The DPRK-United States stand-off began in the last century and persists into this one. The DPRK’s nuclear weapons and ballistic missiles are a pretext for US hostility. Absent the nuclear issue, the United States would find fault with the DPRK for some other reason. The United States’ military and political threats will never end. 

This reality urgently requires us to resolve to live with sanctions for as long a necessary and also to actively push forward the project of developing strategic weapons. 

A long history of overcoming difficulties and defending our rights and dignity in the face of harsh opposition has shown us that through self-reliance we can foil the enemies’ sanctions and blockade and preserve our sovereignty and dignity. 

Our goal is to build a national defense strong enough to deter any power from using its armed force against us.

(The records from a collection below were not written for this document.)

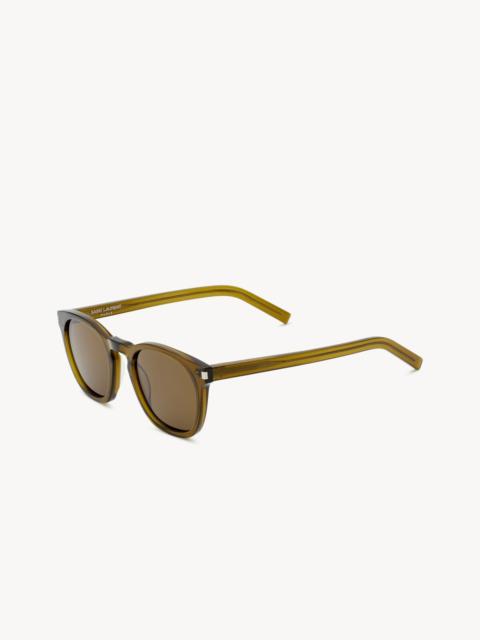 SUBTLY ROUNDED SUNGLASSES WITH KEYHOLE BRIDGE AND MINERAL GLASS LENSES. - 100% UVA/UVB PROTECTION - METAL CORNER ANGLES - SAINT LAURENT SIGNATURE ENGRAVED TEMPLES - FRAMES ARE COMPATIBLE WITH PRESCRIPTION LENSES - DIMENSIONS: LENS 49 MM / 1.9", BRIDGE 23 MM / 0.9", TEMPLE 140 MM / 5.5" - 100% ACETATE - STYLE ID 419691Y99091080 - MADE IN ITALY
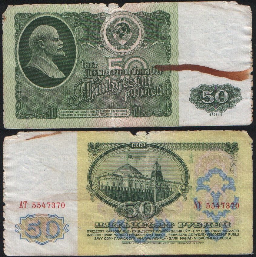 СССР P-235a.1 50 рублей 1961 Префикс АА-АЯ Желтовато-серая бумага ' АТ 5547370 ТОРГ/ВАША ЦЕНА
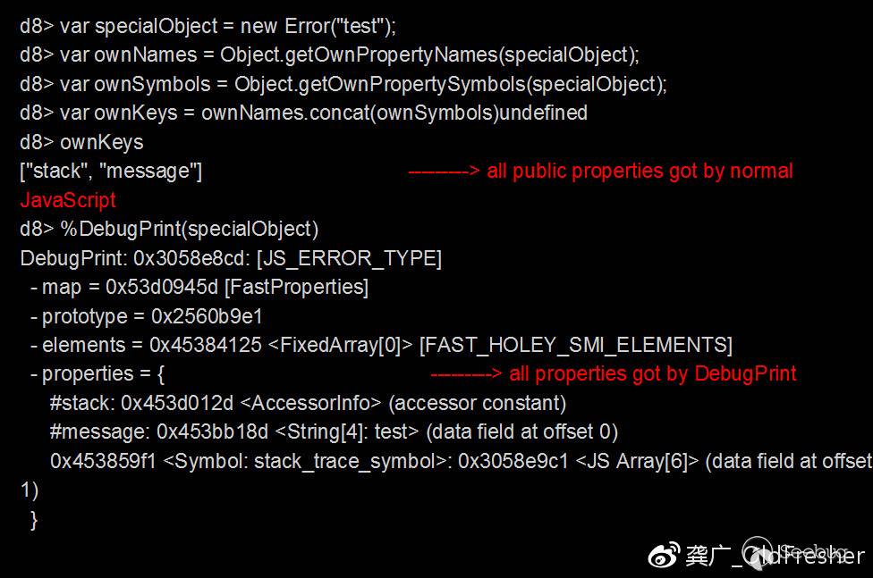 對比一下 specialObject 對象的公有屬性和所有屬性可以發現所有屬性比公有屬性多出了一個鍵為 stack_trace_symbol 的屬性,這個屬性就是 specialObject 的一個私有屬性。下一節將介紹與私有屬性有關的一個 v8 引擎的邏輯錯誤。
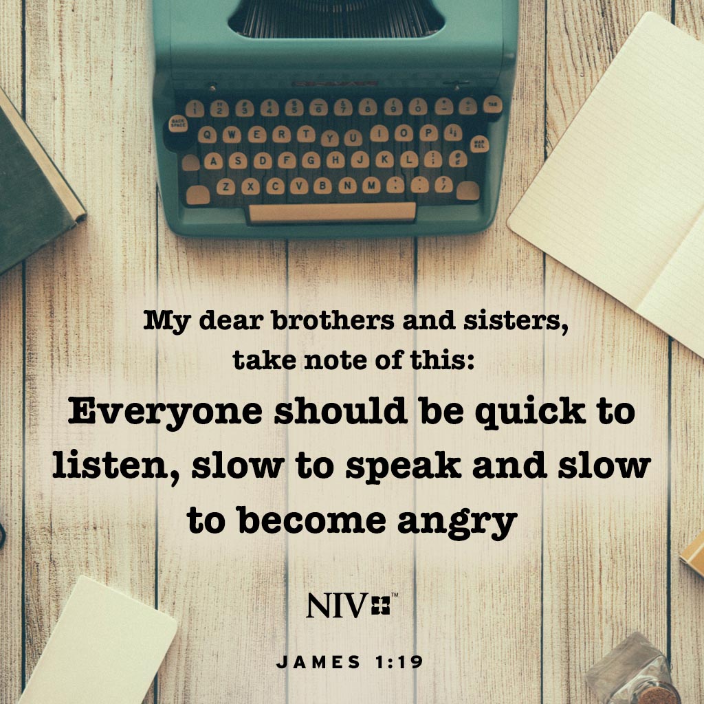 James 1:19 My dear brothers and sisters, take note of this: Everyone should be quick to listen, slow to speak and slow to become angry,

We must be sufficiently armed to keep hostile forces at bay so that they will never dare to undermine our sovereignty and security. As part of our continuing effort to achieve this goal, we will soon reveal a new strategic weapon. 

If the United States persists in its hostile policy towards the DPRK, the Korean peninsula will never be denuclearized. Instead, the DPRK will steadily develop strategic weapons for the security of the state. It will continue to do this until the United States rolls back its hostile policy towards the DPRK and a lasting and durable peace-keeping mechanism is built. 

Source: “Report on 5th Plenary Meeting of 7th C.C., WPK,” KCNA, January 1, 2020.

* William R. Long, “Radicalism not necessary, Castro advises Sandinistas,” The Los Angeles Times, January 13, 1985.